Klobuchar acknowledged that "there are people who really want to block this" and that Cuba has committed human rights violations. But she said feelings about Cuba have changed since she came to the Senate in 2007.

"The public has a different mood," she said. "The thought is: We have 11 million people 90 miles off our shore who can one day buy our goods. That means jobs in our country."

The Cuban market of 11 million people seems minuscule for Cargill, which grossed nearly $135 billion in sales in 2014. Since it began selling in Cuba in 2002, Cargill has sold barely a million metric tons of agricultural products and vegetable oil.

But the Minnetonka-based company lobbies aggressively for open trade everywhere, and Vorwerk called Cuba a "natural market" for American agricultural producers and distributors.

She said food and agricultural product sales are diminishing, in part because of the embargo's limits on exports and extensions of credit to Cuban buyers. Annual sales from the U.S. to Cuba peaked at $700 million in 2008. In 2013 they were less than $350 million.

Vorwerk said increased Cuban trade can turn into "commercial diplomacy" for the U.S. She will lead a group of businesspeople to Cuba in March to help them learn about the country's economics and agriculture.

Vorwerk said she has discussed with members of the Senate and House a very simple, "clean" bill to end the embargo that is only a page and a half long.

Trade lawyers Robert Muse and John Veroneau predicted that Congress will be slow to act on Cuba.

Muse, who represents multinational corporate clients, agreed with Vorwerk that a majority of members of Congress do not support the embargo. But he said those objections are private and will not be expressed publicly until Cuban-American members of Congress come out against the embargo.

"There is zero possibility of the embargo being lifted this year," Muse said.

Emotional issues resonate as strongly as economic issues in U.S.-Cuba relations, said John Kavulich II, a senior policy adviser to the U.S.-Cuba Trade and Economic Council.

"They still feel they are at war with us," Kavulich said, noting that Cuban President Raul Castro responded to Obama's diplomatic initiative wearing a military uniform.

Vorwerk replied that Castro "wore a business suit" when he met with U.S. business leaders, including Cargill executives, in May 2014.

She spoke of a "policy imperative and a moral imperative." For example, she said, Cubans pay three times more for wheat than they would if Cuba opened to U.S. wheat producers, who now sell virtually none of their crops there.

Peterson agreed. He said the current restrictions "don't do anything but give business to our competitors.".

"They're still going to buy these agricultural products," he said.

Nevertheless, the battle to lift the embargo is complicated by what many consider past bad deeds by a hostile neighbor.
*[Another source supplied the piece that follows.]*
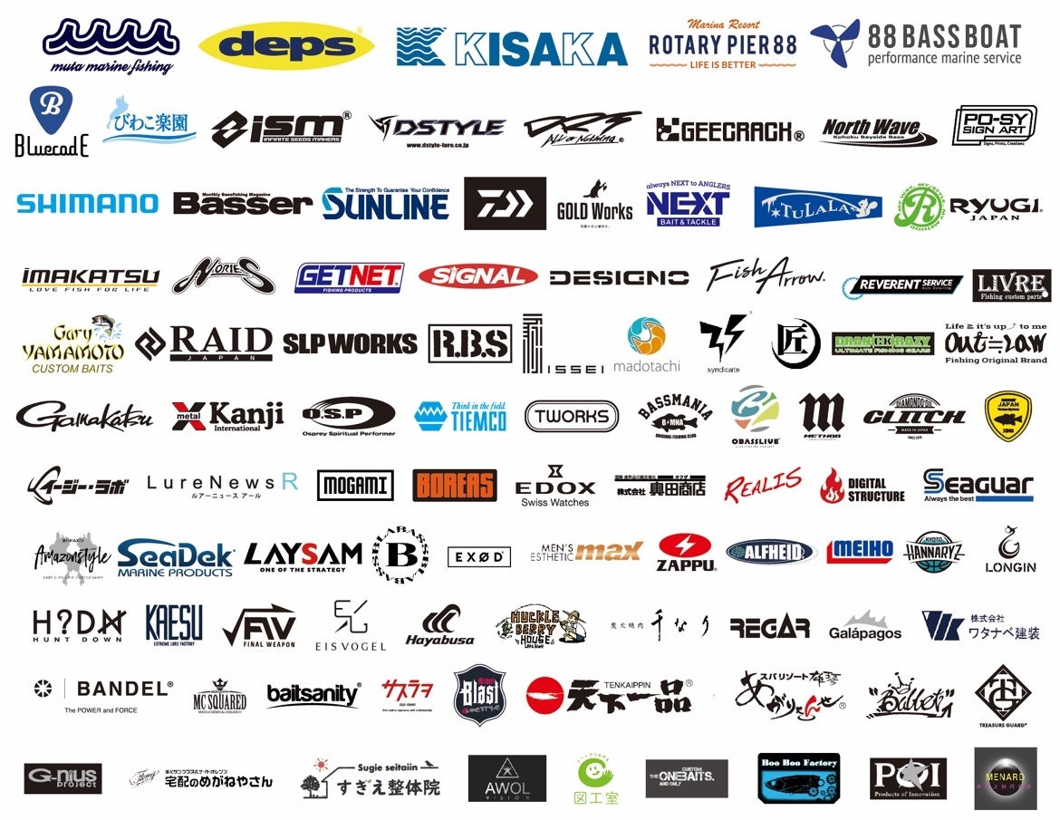 Muta MARINE fishingやdeps等、人気メーカーのブースが多数出展。

Countries doing business in Cuba continue to feel a risk of having property confiscated by the Communist government.

On top of that, private property seized from wealthy Cubans by Fidel Castro's 1950s revolution remains unresolved. Many of those Cubans fled to the U.S.

The U.S. government recognizes $7 billion in corporate claims and accrued interest from what it considers illegal actions by the Castro regime. Those claim holders, said Veroneau, will not abandon those claims.